INPUT DATA:
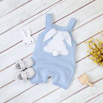 Wugugu Newborn Baby Boy Clothe Knit Romper Cap Christmas Long Sleeve Outfit Infant Girl Security Crocheted Sweater Jumpsuit Hat Easter Sleeveless Set Azure blue 12-18 Momths
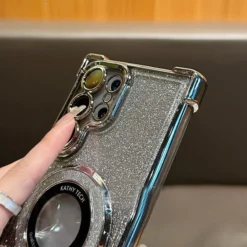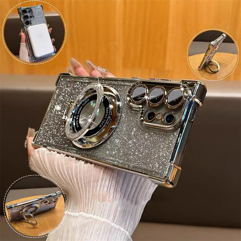 for Magsafe Glitter Bracket Case for Samsung Galaxy S24 Ultra S23 FE S22 Plus Note 20 Stand Holder Gradient Plating Bling Cover
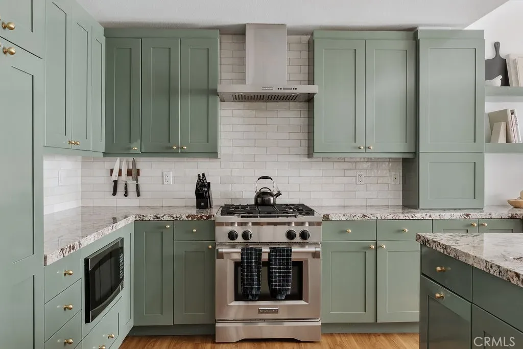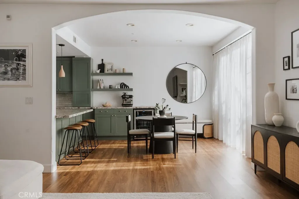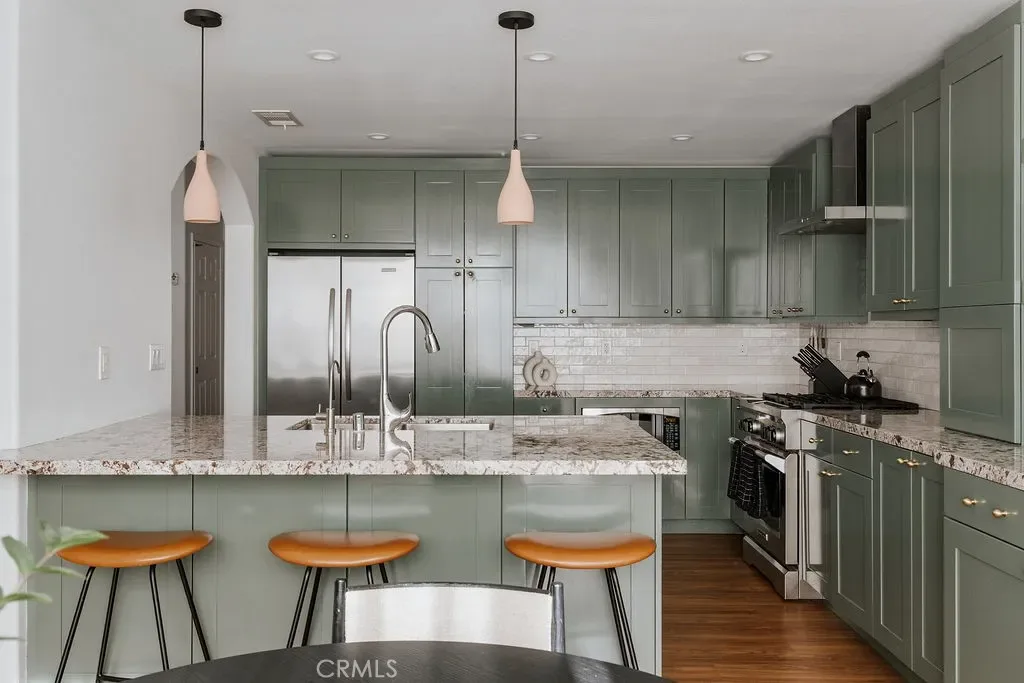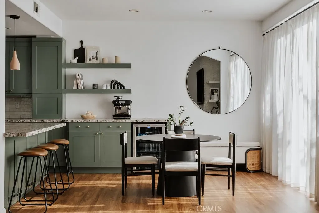 Inside, the home feels calm, cohesive, and filled with natural light from morning through afternoon. The kitchen anchors the space with sage cabinetry, stone countertops, and clean lines that feel current without trying too hard. It opens naturally to the living and dining areas, making everyday living easy and entertaining effortless. Once you see it, you’ll feel it.
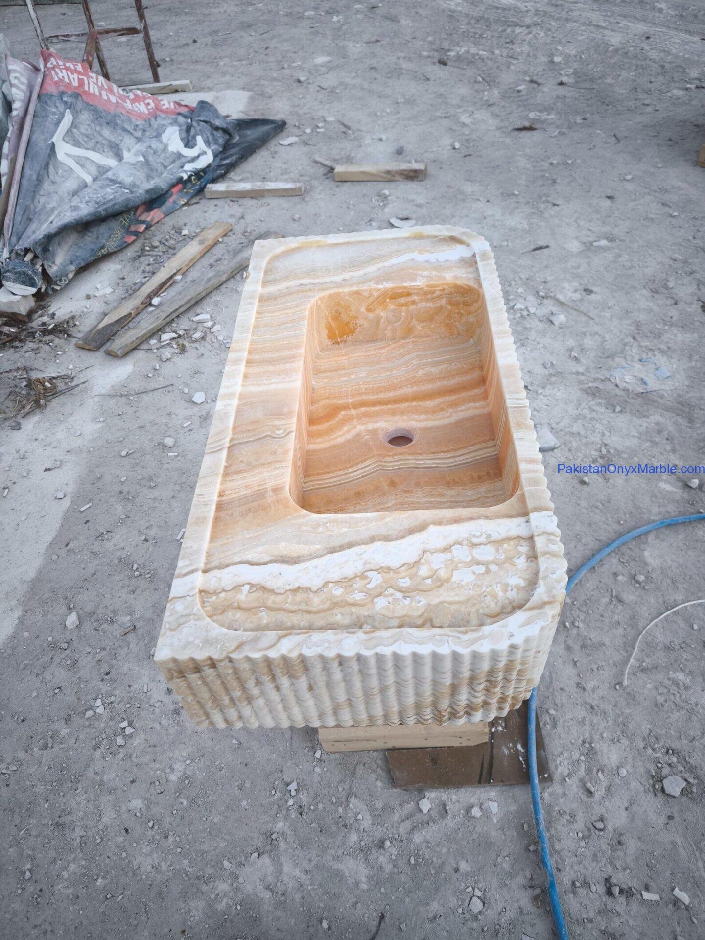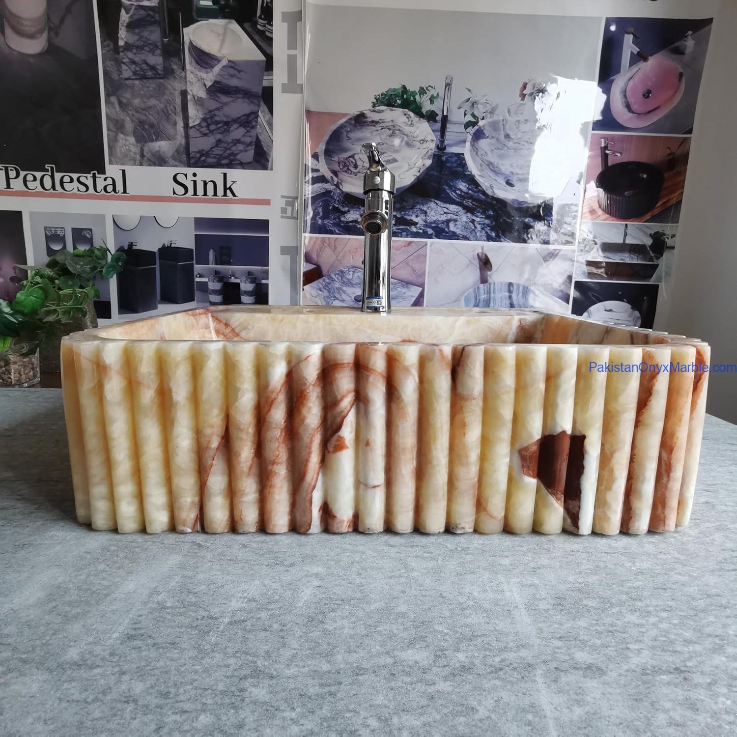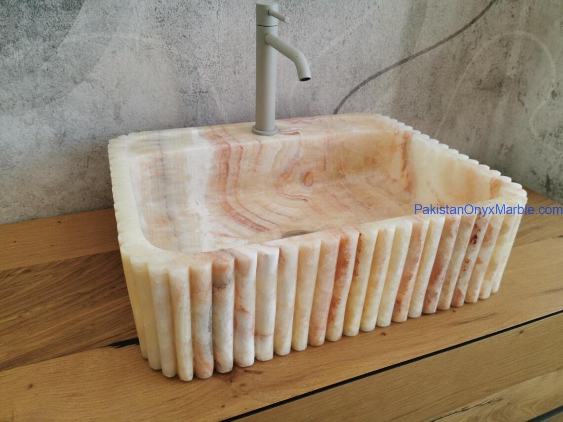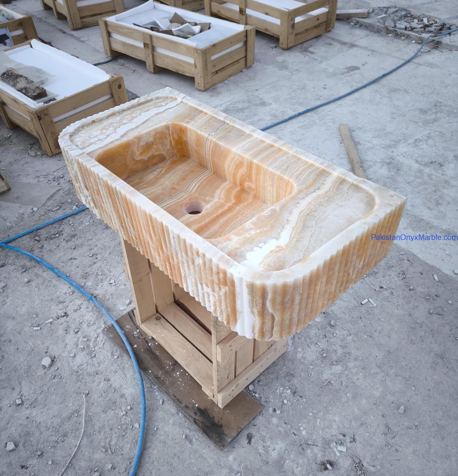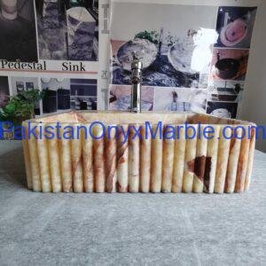 Pakistan Onyx Marble offers rectangle fluted sinks with customizable groove patterns:

EXERCISE GOAL: The copy must match every line of the data exactly and contain no pictures.

SOLUTION FOR THIS PROBLEM:
 Wugugu Newborn Baby Boy Clothe Knit Romper Cap Christmas Long Sleeve Outfit Infant Girl Security Crocheted Sweater Jumpsuit Hat Easter Sleeveless Set Azure blue 12-18 Momths
 for Magsafe Glitter Bracket Case for Samsung Galaxy S24 Ultra S23 FE S22 Plus Note 20 Stand Holder Gradient Plating Bling Cover
 Inside, the home feels calm, cohesive, and filled with natural light from morning through afternoon. The kitchen anchors the space with sage cabinetry, stone countertops, and clean lines that feel current without trying too hard. It opens naturally to the living and dining areas, making everyday living easy and entertaining effortless. Once you see it, you’ll feel it.
 Pakistan Onyx Marble offers rectangle fluted sinks with customizable groove patterns:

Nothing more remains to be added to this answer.